Wat we hebben ontwikkeld is een nauwkeurigere techniek voor het bepalen van de trochleaire groef dan Whiteside’s Line. Voor diegenen onder u die denken dat u de techniek die ik beschrijf al toepast omdat u de Sulcuslijn intekent, kan ik u verzekeren dat dat niet zo is. Sorry dat ik zo bot ben, maar ik zal het ook allemaal bespreken in de volgende artikelen over de chirurgische techniek. Ik zal ook de techniek delen voor het meten van de SL op CT en MRI scans. Daarna zal ik de resultaten van onze recente studies over asymmetrie van de femorale rotatie en de relevantie ervan met u delen. “Volg” mij in WordPress zodat u de volgende artikelen niet mist.

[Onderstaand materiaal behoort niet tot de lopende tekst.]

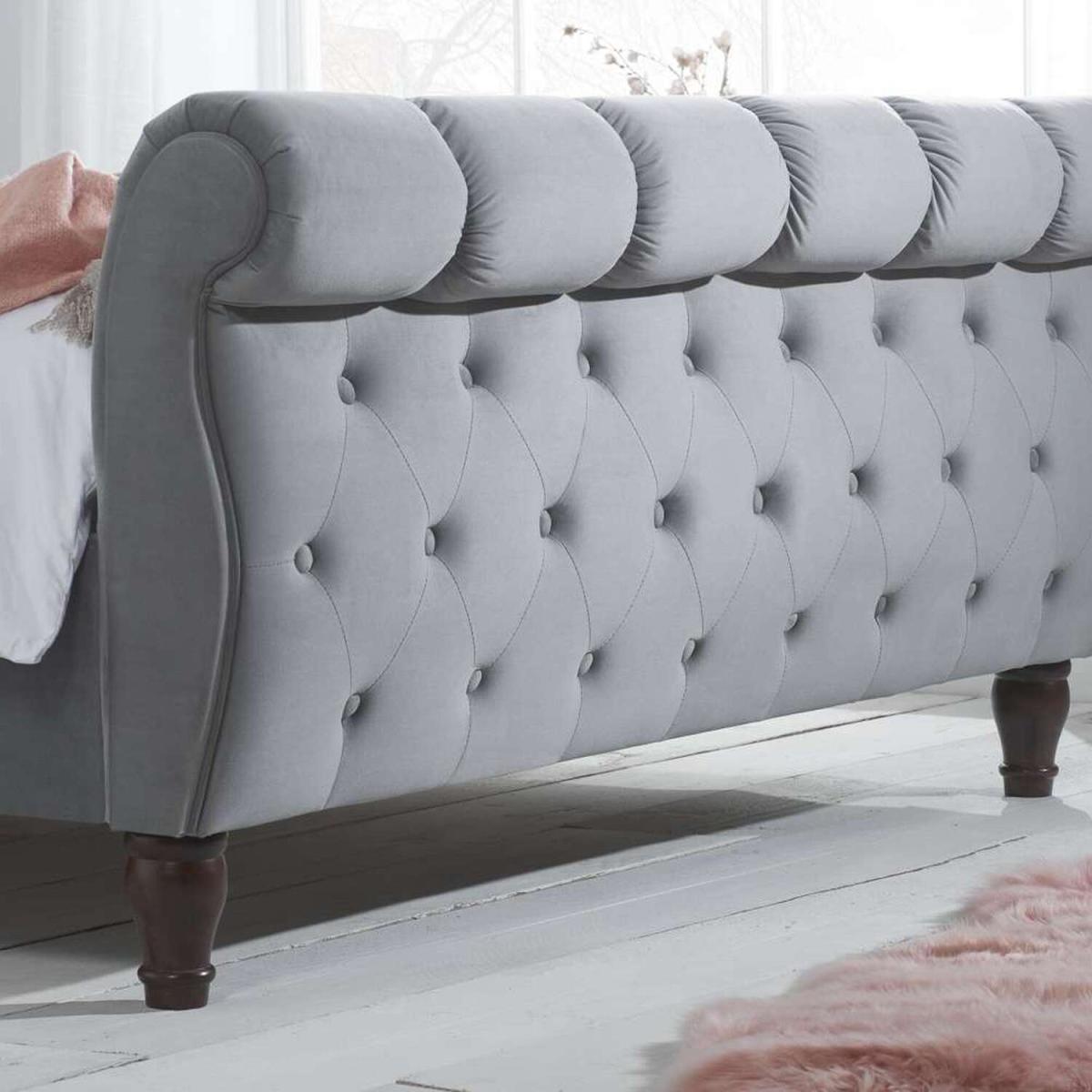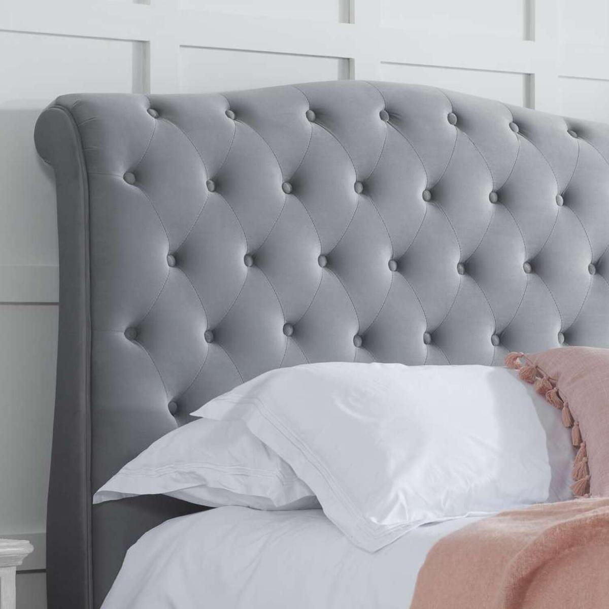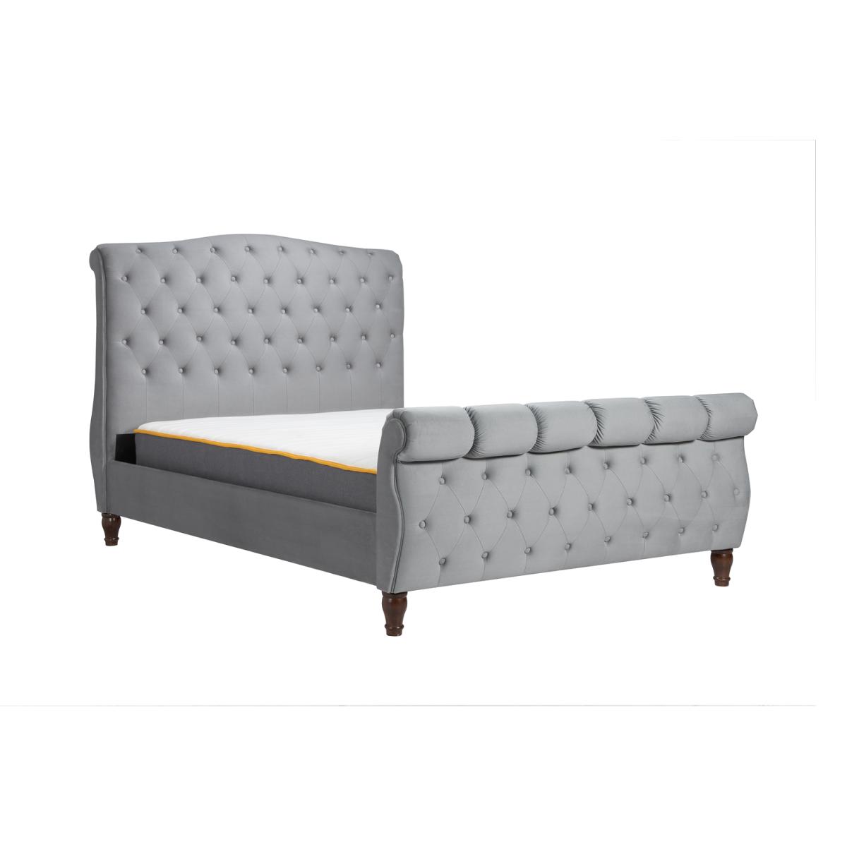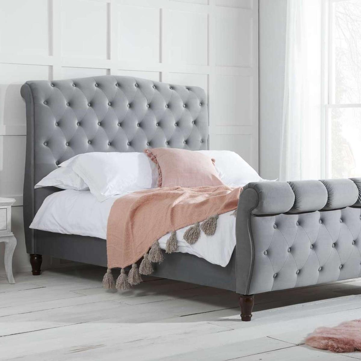 This fabulous contemporary bed frame will be focal point in any bedroom. The Cologne bedstead is upholstered in either a steel crushed velvet or a grey fabric and features a striking buttoned headboard. This frame has a sprung slatted base to give natural bounce, adjusting to where pressure is most exerted for greater comfort. Also available in an ottoman bed frame. The maximum weight load for the 4'6 frame is 300 kg, and the 5' frame is 400 kg. Please note Birlea beds are only suitable for a UK standard size mattress and the recommended maximum mattress height is 305 mm.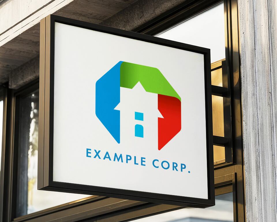 青、緑、赤の柔らかな帯状の素材が折り重なり、中央に家のシルエットが浮かび上がり、上向きの矢印のような形状も見える、創造的で発展的な印象のロゴ。不動産、建築、コンサルティングなど、成長と未来志向のイメージを求める業種に最適です。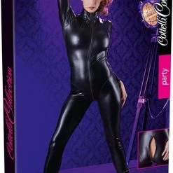 In deze wetlook catsuit ben jij altijd de baas. De catsuit is gemaakt van rekbaar materiaal dat subtiel glanst. Die zorgt voor een sexy, uitdagende en stoere look die niemand kan weerstaan. Het gesloten model is voorzien van een col en een extra lange rits. Hiermee bepaal je zelf hoeveel je van je lichaam laat zien. De rits kan helemaal open, waardoor ook het kruis en de billen toegankelijk zijn.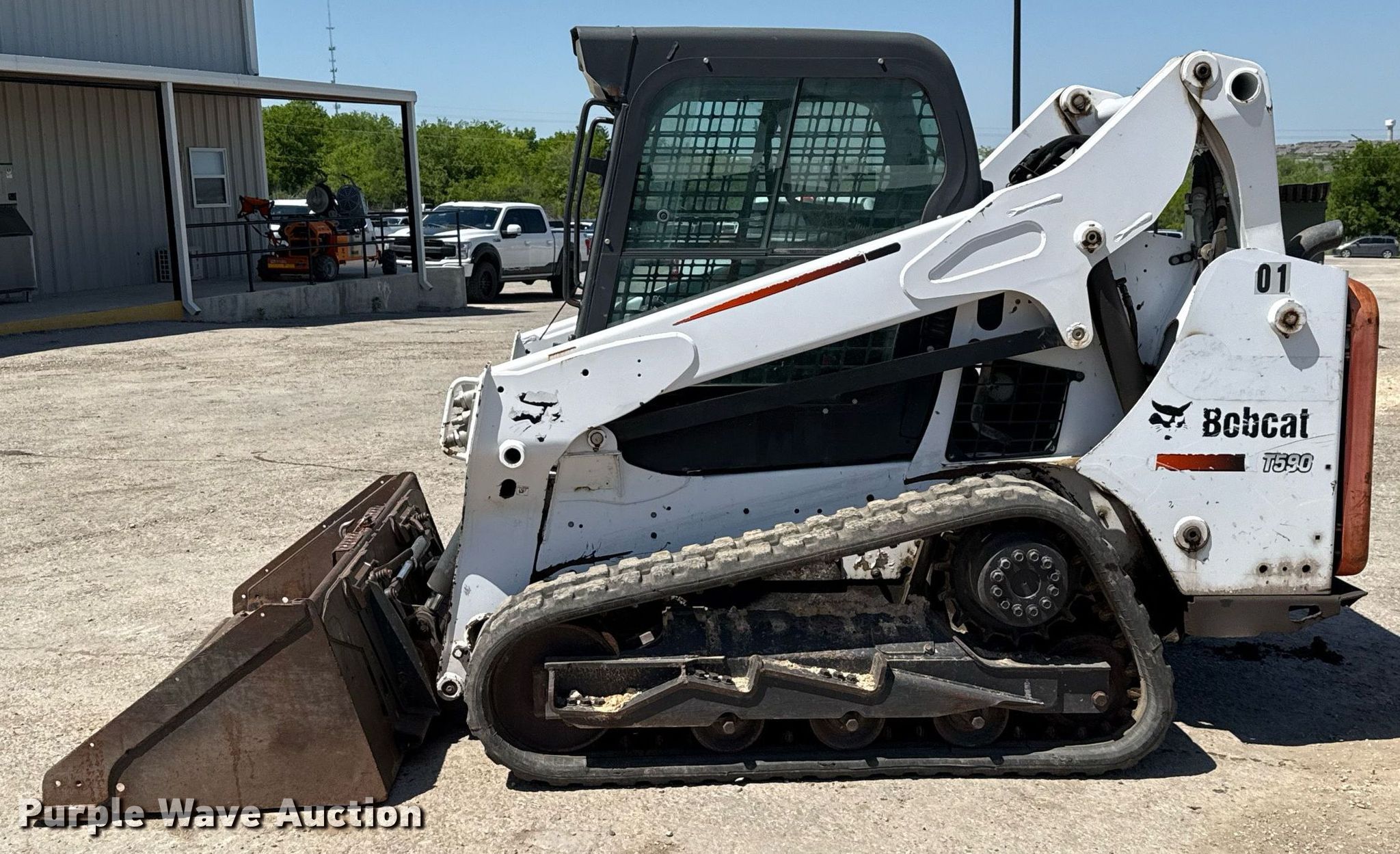Purple Wave is selling a used Tracked Skid Steer Loader in Texas. This item is a 2016 Bobcat T590 tracked skid steer loader with the following: Hours: 3,105 on meter, Serial: ALJU19056

Gepubliceerde artikelen links:

  1. Arima J, Whiteside LA, McCarthy DS, White SE. Femoral rotational alignment, based on the anteroposterior axis, in total knee arthroplasty in a valgus knee. Een technische noot. J Bone Joint Surg Am. 1995;77(9):1331-4.
  2. Siston RA, Patel JJ, Goodman SB, Delp SL, Giori NJ. The variability of femoral rotational alignment in total knee arthroplasty. J Bone Joint Surg Am. 2005;87(10):2276-80. doi:10.2106/JBJS.D.02945.
  3. Middleton FR, Palmer SH. How accurate is Whiteside’s line as as as reference in total knee arthroplasty? Knee. 2007;14(3):204-7.
  4. Victor J. Rotational alignment of the distal femur: a literature review. Orthop Traumatol Surg Res. 2009;95(5):365-72. doi:10.1016/j.otsr.2009.04.011.
  5. Talbot S, Dimitriou P, Radic R, Zordan R, Bartlett J. De sulcuslijn van de trochleaire groef is nauwkeuriger dan de lijn van Whiteside bij het bepalen van de rotatie van de femurcomponent. Knee Surg Sports Traumatol Arthrosc. 2015;23(11):3306-16. doi:10.1007/s00167-014-3137-8.
  6. Talbot S, Dimitriou P, Mullen M, Bartlett J. Het verwijzen naar de sulcuslijn van de trochleaire groef en het verwijderen van intraoperatieve parallaxfouten verbeteren de femorale componentrotatie bij totale knieartroplastie. Knee Surg Sports Traumatol Arthrosc. 2015:1-8. doi:10.1007/s00167-015-3668-7.
  7. Iranpour F, Merican AM, Dandachli W, Amis AA, Cobb JP. De geometrie van de trochleaire groef. Clin Orthop. 2010;468(3):782-8.
  8. Victor J, Van Doninck D, Labey L, Innocenti B, Parizel PM, Bellemans J. How precise can bony landmarks be determined on a CT scan of the knee? Knee. 2009;16(5):358-65.
  9. Chao TW, Geraghty L, Dimitriou P, Talbot S. Averaging rotational landmarks during total knee arthroplasty reduces component malrotation caused by femoral asymmetry. J Orthop Surg. 2017;12(1):74. doi:10.1186/s13018-017-0575-2.
  10. Talbot S, Chao TW, Geraghty L. Combining the Sulcus Line and Posterior Condylar Axis Reduces Femoral Malrotation in Total Knee Arthroplasty. Orthopaedic Journal of Sports Medicine. 2016;4(1 suppl):2325967116S00015.